Between 1902 and 1952 labor unions made great strides for worker’s rights in Cuba, especially after the ousting of President Gerardo Machado in 1933.  

Ramon Grau San Martin’s provisional government marked a before and after in Cuban history. Between October and December of 1933, it issued a first package of popular and nationalist measures that strengthened labor rights in Cuba.

  1. Created the Ministry of Labor, since there was no body specifically in charge of labor matters.

  2. Established employer liability for accidents; he suspended the evictions of tenants and canceled 50% of the taxes and contributions not paid in due time.

  3. Established the eight-hour work day and the right to unionize. He promulgated the Labor Nationalization Law that established the obligation that 50% of the workers and employees had to be native Cubans.

Labor legislation passed in 1938 guaranteed Cuban workers’ additional rights: 

  1.  A minimum wage; 

  2. Pensions that assumed a constitutional character;

  3. Creation of the Central of Workers of Cuba Central de Trabajadores de Cuba (CTC in Spanish) 

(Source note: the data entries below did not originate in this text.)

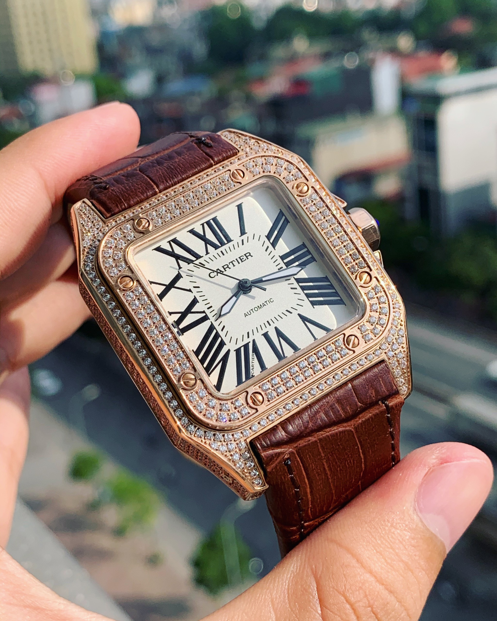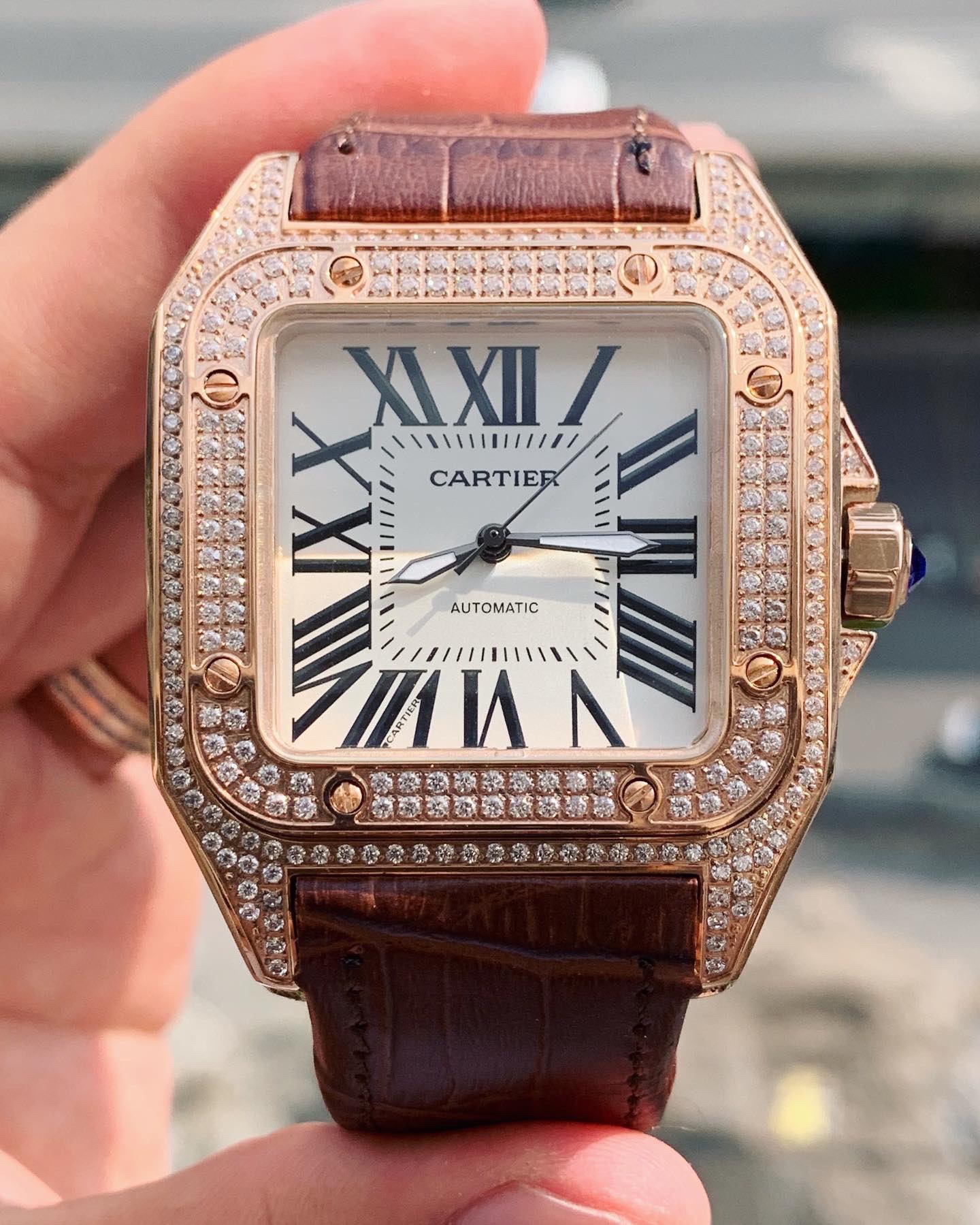 Đồng hồ Cartier nam dây da Cartier Automatic đính đá Super Fake 40mm
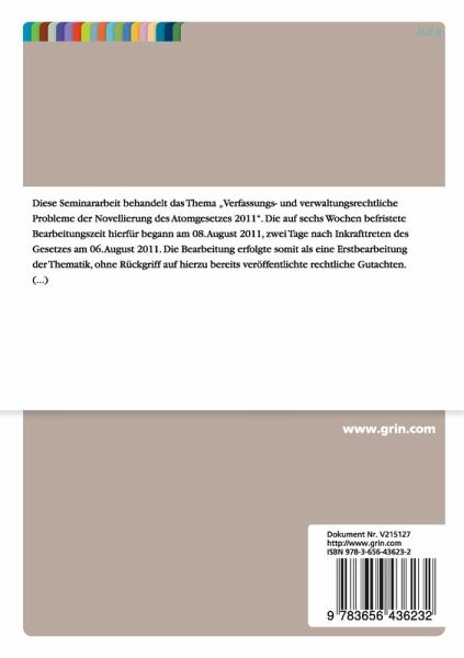 Studienarbeit aus dem Jahr 2011 im Fachbereich Jura - Öffentliches Recht / Staatsrecht / Grundrechte, Note: 12, Bayerische Julius-Maximilians-Universität Würzburg, Sprache: Deutsch, Abstract: Diese Seminararbeit behandelt das Thema "Verfassungs- und verwaltungsrechtliche Probleme der Novellierung des Atomgesetzes 2011". Die auf sechs Wochen befristete Bearbeitungszeit hierfür begann am 08. August 2011, zwei Tage nach Inkrafttreten des Gesetzes am 06. August 2011. Die Bearbeitung erfolgte somit als eine Erstbearbeitung der Thematik, ohne Rückgriff auf hierzu bereits veröffentlichte rechtliche Gutachten. Es bietet sich hierbei an, den Schwerpunkt der Betrachtungen auf einen möglichen Verstoß gegen das Verfassungsrecht zu legen. Der Aufbau gleicht daher einem rechtliches Gutachten, anhand dessen die Vereinbarkeit der dreizehnten Atomgesetznovelle mit dem Verfassungsrecht geprüft wird.
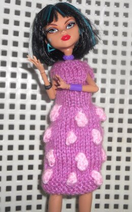 This is my first 2 patterns for Monster High Dolls . The pattern includes 2 dress variations and a purse . Both dresses knit in one so the only stitching needed are for the snaps and the seams of purse . I used 10 grm of weight 3 - D.K Light Worsted Yarn as main color for each dress and a very small amount of contrast yarn .
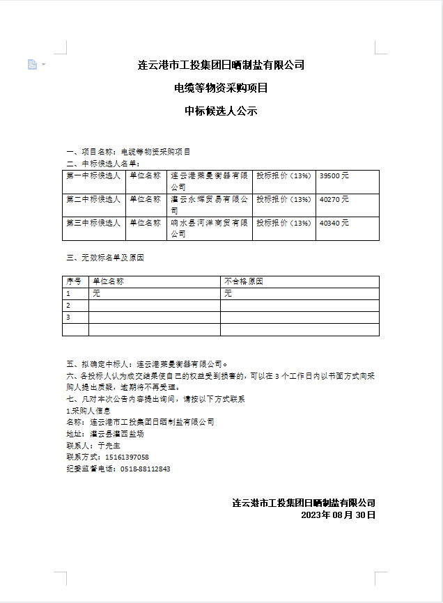 連云港市工投集團日曬制鹽有限公司電纜等物資采購項目中標候選人公示

Cuba’s 1940 Constitution further enshrined workers’ rights into law with 26 articles which included:

A maximum work day of no more than 8 hours and a maximum working week of 44 hours equivalent to 48 in wages (Article 66); The right to paid vacation of one month for each 11 months of work in each calendar year (Article 67); The right of unionization (Article 69); The right to strike (Article 71); The system of collective labor contracts (Article 72); a non-discriminatory practice in the distribution of opportunities to work ( Article 74).

Strong trade unions and labor legislation in the Cuban Republic were a factor in rising living standards, and improved healthcare outcomes.

Professor James W. McGuire and Laura B. Frankel in their paper published in the Latin American Research Review, “Mortality Decline in Cuba, 1900-1959: Patterns, Comparisons, and Causes” found that “Cuba’s progress relative to other Latin American countries at reducing infant mortality was even greater from 1900 to 1960 than from 1960 to 1995. During the earlier period, Cuba led all Latin American countries for which data are available at raising life expectancy and reducing infant mortality. From 1960 to 1995, by contrast, it came in fourth and fifth respectively.” 

Whereas the Communist Revolution in Cuba in 1959 led to the end of Cuba’s independent labor movement.

On January 22, 1959 the CTC was replaced by the CTC-Revolucionaria. In the X Congress, held in November 1959, the Secretary General, David Salvador Manso,”said that the workers had not gone to the event to raise economic demands but to support the revolution.” And in the XI Congress, November 1961, the delegates renounced almost all the achievements of the labor movement, including  “the nine days of leave for sickness, the supplementary Christmas bonus, the weekly shift of 44 x 48 hours, the right to strike and an increase of 9.09%, among many others. Workers were required to do “voluntary work” that was actually mandatory.

The 2019 Cuban Constitution (current) does not recognize a right to strike or a right to collective bargaining. 

Therefore we ask you as part of the international labor movement to petition the Cuban government to:

  1. Recognize the right for Cubans to unionize, and form independent labor unions.

  2. Recognize the right of Cubans to strike

  3. Recognize the rights of Cubans to collective bargaining

  4. Establish forty hour week with salary for forty four

  5. Establish two weeks vacation

  6. Restore Christmas bonus

  7. Restore adequate funding and maintenance to the Hospital Maternidad Obrera

  8. End forced labor which is called “voluntary work” [ trabajo voluntario].

  9. Return Hotel Habana libre to the  Sindicato Cubano de Trabajadores de la Gastronomía retirement fund

  10. End discriminatory hiring practices based on race, religion, and political beliefs.